Answer
As $h\to0$, the curve $y=\frac{\cos((x+h)^2)-\cos(x^2)}{h}$ gets closer and closer to the curve $y=-2x\sin(x^2)$, apparently approaching to become one with $y=-2x\sin(x^2)$.
Work Step by Step
The graphs of the function are enclosed below.
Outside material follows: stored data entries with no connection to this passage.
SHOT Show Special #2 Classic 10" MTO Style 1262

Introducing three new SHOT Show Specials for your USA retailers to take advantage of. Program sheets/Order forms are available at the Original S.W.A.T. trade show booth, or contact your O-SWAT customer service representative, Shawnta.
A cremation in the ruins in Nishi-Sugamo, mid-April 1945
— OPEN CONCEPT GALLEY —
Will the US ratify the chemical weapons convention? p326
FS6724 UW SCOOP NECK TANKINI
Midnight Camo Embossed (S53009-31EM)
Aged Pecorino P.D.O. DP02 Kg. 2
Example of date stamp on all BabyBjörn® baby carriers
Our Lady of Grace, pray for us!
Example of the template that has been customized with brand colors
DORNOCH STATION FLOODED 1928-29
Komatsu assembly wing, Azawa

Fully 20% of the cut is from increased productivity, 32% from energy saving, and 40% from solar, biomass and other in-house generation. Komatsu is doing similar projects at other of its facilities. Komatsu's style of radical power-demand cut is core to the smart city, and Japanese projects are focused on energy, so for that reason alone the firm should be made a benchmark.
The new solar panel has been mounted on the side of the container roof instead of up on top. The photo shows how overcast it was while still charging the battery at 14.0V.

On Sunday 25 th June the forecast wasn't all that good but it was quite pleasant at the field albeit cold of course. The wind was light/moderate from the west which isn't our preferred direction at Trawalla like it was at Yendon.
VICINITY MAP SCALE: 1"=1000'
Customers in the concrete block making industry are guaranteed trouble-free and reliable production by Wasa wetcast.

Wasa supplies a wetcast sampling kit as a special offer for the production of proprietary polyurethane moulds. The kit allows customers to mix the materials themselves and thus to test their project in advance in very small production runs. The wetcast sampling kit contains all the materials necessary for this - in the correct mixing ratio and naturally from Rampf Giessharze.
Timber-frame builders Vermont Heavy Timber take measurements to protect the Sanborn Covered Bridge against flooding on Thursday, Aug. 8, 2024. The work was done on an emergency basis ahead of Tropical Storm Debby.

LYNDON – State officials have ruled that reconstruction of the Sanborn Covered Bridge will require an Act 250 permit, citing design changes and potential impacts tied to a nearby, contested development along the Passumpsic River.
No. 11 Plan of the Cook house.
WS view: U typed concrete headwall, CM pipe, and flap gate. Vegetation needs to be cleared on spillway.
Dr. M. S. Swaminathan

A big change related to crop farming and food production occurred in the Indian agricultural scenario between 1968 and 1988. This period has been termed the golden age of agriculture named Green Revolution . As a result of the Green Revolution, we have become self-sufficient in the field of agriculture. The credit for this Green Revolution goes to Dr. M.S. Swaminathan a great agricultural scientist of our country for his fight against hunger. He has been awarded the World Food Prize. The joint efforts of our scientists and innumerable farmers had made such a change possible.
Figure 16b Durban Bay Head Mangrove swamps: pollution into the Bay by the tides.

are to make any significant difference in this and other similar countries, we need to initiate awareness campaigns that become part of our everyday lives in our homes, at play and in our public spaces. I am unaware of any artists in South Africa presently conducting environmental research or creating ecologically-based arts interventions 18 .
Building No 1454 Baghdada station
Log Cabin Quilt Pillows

The graph of $y=-2x\sin(x^2)$ is portrayed by the black curve, while the other curves are variations of $y=\frac{\cos((x+h)^2)-\cos(x^2)}{h}$.
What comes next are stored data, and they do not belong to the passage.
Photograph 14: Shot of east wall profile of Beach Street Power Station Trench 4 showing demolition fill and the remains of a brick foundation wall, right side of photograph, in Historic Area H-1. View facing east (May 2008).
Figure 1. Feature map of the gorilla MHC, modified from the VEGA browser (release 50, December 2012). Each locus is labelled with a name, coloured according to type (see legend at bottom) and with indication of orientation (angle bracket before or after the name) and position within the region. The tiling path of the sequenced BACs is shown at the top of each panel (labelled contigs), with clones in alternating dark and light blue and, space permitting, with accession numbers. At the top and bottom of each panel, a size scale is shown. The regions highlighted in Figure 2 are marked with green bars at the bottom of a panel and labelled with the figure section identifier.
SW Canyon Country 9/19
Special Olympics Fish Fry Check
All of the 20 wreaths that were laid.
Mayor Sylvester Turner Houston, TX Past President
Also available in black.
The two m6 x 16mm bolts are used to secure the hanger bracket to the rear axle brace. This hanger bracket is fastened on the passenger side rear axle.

From the graph, we see that as $h\to0$, the curve $y=\frac{\cos((x+h)^2)-\cos(x^2)}{h}$ gets closer and closer to the curve $y=-2x\sin(x^2)$, apparently approaching to become one with $y=-2x\sin(x^2)$.
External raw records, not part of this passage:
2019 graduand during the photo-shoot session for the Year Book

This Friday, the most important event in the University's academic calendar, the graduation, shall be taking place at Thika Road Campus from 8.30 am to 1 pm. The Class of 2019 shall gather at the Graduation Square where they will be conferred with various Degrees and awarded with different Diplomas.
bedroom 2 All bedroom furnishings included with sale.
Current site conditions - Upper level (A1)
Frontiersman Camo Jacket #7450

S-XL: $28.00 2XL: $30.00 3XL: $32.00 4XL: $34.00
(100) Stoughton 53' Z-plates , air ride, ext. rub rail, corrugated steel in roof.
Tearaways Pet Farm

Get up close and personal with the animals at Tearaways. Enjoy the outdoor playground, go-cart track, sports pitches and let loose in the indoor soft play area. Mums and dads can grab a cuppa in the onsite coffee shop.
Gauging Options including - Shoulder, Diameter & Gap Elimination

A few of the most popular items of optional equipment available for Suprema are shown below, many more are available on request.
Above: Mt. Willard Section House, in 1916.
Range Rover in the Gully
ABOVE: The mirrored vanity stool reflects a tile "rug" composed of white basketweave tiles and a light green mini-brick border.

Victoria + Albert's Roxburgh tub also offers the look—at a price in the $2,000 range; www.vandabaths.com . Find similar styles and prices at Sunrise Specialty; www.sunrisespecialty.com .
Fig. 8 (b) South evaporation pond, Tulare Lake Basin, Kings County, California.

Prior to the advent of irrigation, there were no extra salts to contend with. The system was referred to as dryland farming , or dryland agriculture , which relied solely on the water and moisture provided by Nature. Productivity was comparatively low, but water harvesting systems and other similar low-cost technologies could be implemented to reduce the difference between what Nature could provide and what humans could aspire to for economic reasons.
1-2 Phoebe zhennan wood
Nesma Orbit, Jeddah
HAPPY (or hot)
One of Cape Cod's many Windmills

In other words, we can say that $$\lim_{h\to0}\frac{\cos((x+h)^2)-\cos(x^2)}{h}=-2x\sin(x^2)$$
From the definition of derivative, we know that $$\lim_{h\to0}\frac{\cos((x+h)^2)-\cos(x^2)}{h}=(\cos (x^2))'$$
Therefore, $$(\cos(x^2))'=-2x\sin(x^2)$$
So the behavior of the graphs can be summarized to show that the derivative of $\cos(x^2)$ is $-2x\sin(x^2)$.